Steve Topple has penned an analysis slamming the UK mainstream media's coverage of Jeremy Corbyn's new leadership of the Labour Party and calling for "boots on the ground" activism to derail public reliance on mainstream media.
An unreserved left wing writer, Topple praised Corbyn's party leadership election campaign as "grassroots activism, social media mobilisation and people telling an Establishment organisation to “get stuffed”". However, there is also a warning that these very modern methods used by Corbyn to win leadership of the party might not work on the whole national electorate.
"It was 251,417 people, to be precise – out of an electorate of 45 million", Topple pointed out.

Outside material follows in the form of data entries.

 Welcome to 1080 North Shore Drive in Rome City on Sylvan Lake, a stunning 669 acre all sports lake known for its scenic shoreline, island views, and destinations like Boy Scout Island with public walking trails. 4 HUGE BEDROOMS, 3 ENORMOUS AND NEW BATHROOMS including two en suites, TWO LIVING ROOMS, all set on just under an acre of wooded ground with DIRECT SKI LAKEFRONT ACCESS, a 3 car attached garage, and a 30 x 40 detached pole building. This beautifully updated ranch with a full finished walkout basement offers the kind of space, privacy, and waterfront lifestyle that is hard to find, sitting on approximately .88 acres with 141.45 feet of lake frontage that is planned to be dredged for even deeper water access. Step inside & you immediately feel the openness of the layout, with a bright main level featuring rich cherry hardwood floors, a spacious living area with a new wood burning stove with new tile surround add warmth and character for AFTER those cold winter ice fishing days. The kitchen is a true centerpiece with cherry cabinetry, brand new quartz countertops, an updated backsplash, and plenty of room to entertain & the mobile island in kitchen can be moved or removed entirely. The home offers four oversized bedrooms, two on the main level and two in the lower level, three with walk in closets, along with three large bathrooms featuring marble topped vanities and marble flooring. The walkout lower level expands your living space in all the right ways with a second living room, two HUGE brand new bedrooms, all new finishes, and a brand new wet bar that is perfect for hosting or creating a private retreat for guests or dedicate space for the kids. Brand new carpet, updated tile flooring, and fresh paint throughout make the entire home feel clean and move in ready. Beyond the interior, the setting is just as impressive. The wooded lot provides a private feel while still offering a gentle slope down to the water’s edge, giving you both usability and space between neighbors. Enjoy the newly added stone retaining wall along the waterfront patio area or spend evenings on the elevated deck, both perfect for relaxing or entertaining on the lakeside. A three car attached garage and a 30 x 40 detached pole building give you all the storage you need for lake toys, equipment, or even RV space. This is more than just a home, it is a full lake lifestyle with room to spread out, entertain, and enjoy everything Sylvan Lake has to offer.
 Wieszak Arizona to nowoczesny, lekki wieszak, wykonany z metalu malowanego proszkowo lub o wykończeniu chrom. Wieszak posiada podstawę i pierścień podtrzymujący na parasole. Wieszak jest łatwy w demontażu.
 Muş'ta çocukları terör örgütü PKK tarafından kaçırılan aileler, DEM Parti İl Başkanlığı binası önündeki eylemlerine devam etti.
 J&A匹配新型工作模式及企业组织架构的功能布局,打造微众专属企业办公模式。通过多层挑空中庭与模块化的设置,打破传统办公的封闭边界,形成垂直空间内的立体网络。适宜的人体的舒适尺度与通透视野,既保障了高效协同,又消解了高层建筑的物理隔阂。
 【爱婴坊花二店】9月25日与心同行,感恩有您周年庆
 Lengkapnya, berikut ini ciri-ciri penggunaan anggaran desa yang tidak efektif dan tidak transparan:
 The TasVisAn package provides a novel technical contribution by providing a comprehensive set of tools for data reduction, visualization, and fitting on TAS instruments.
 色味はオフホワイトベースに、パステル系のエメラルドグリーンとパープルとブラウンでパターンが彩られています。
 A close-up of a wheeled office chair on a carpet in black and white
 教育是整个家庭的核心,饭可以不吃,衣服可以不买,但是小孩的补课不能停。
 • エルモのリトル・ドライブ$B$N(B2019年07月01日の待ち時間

Most people still rely on a couple of mainstream television stations as the source of all their news shaping their worldview.
Topple's conclusion that "editorial rooms are not “cut off” from what the public think – they decide what we think, as has always been the case" resembles the arguments advanced in the booklet Media Control by Noam Chomsky. Namely, the idea that we live in fraudulent democracies in which, rather than deciding on the values of the state and putting the questions to our leaders as citizens of a true democracy would do, we instead get all our information stuffed down our throats and told what to believe.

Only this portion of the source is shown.